Tor Isn't A Child Porn Enthusiast's Best Friend, No Matter What The DOJ Claims

from the willful-distortion-of-facts dept

Anything that makes law enforcement’s job slightly more difficult is swiftly turned into a pariah. And usually the worst kind of pariah: a child molestor.

Apple and Google both announced encryption-by-default going forward on their mobile phone operating systems. Law enforcement officials swiftly gathered to talk loudly about all of the dead and molested children that would result from this decision.

The same goes for Tor. The use of Tor can obscure criminal activity — by hiding the perpetrator and the activity itself. There are plenty of legitimate reasons to use Tor (like many internet services and platforms hoovering up tons of data themselves), but because it makes chasing “bad guys” a little harder, it too must go.

The best way for government agencies to get rid of something they don’t like is legislation. When a law enforcement official says something like the following, they’re not hoping to sway the intelligent and informed members of the public. They’re saying it to sway those who can actually do something about it: tech-clueless legislators and those who vote for them.

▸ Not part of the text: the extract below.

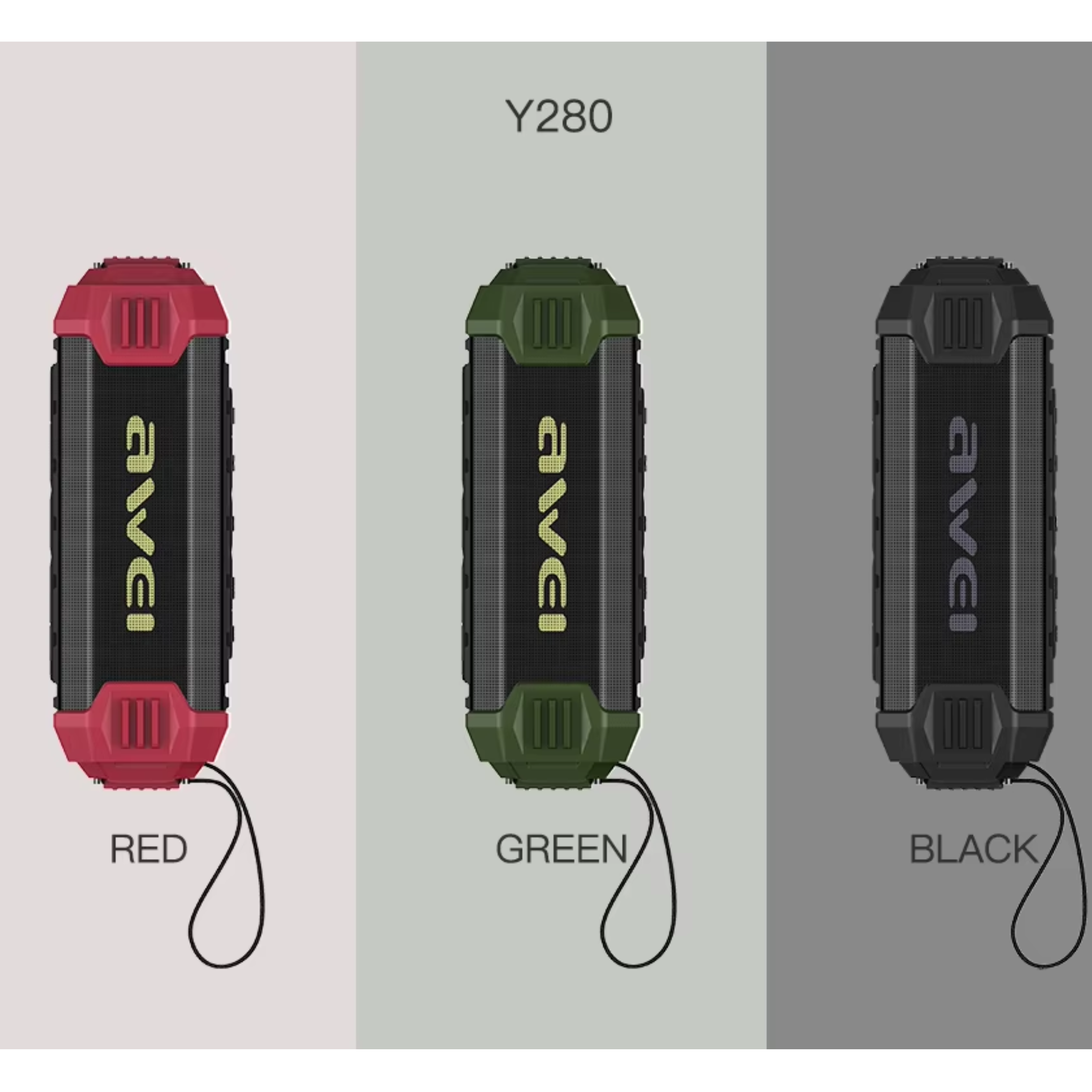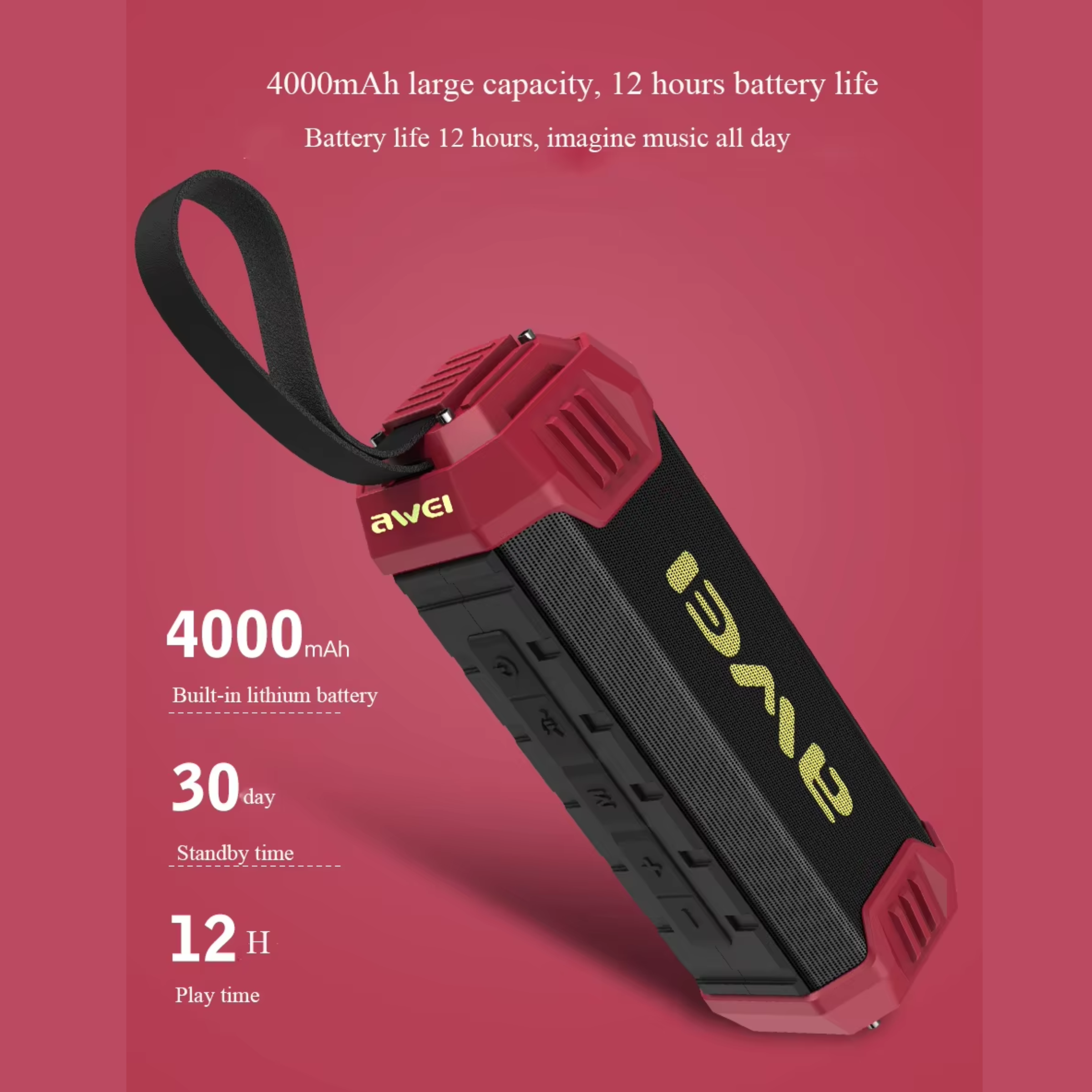 Feature:1.Brand: Awei2.Support Bluetooth: Bluetooth AUX、TF Card、 universal disk MAX 32G3.Support USB Audio Card ,be able to connect two devices at the same time.4.Support iOS system battery display function5. Support TF card APE, FLAC, MP3, WAV, WMV music format.6.Support USB Audio Card ,be able to connect two devices at the same time.7.Portable for outdoor 8.IPX4 waterproof,wireless speaker+power bankBluetooth Version: V5.0Track system: Stereodual stereo track)Battery capacity: 4000mAh/3.7vDriver unit: 66mmDriver power: 8W*2Rated power: 16WFrequency range: 20Hz-20KHzColor: Black/Red/GreenCharging time: 4hMusic play time: 12hBluetooth support: A2DP/AVRCP/HSP/HFPInput voltage: DC5V,600mABluetooth frequency: 100Hz-20KHzRelated products

At the State of the Net conference in Washington on Tuesday, US assistant attorney general Leslie Caldwell discussed what she described as the dangers of encryption and cryptographic anonymity tools like Tor, and how those tools can hamper law enforcement…

“Tor obviously was created with good intentions, but it’s a huge problem for law enforcement,” Caldwell said in comments reported by Motherboard and confirmed to me by others who attended the conference. “We understand 80 percent of traffic on the Tor network involves child pornography.

That’s a scary number. And it’s not even close to accurate.

Wired’s Andy Greenberg explains how Caldwell took a statistic from Tor research and twisted it to further the government’s agenda.

[A] Department of Justice flack said Caldwell was citing a University of Portsmouth study WIRED covered in December. He included a link to our story. But I made clear at the time that the study claimed 80 percent of traffic to Tor hidden services related to child pornography, not 80 percent of all Tor traffic.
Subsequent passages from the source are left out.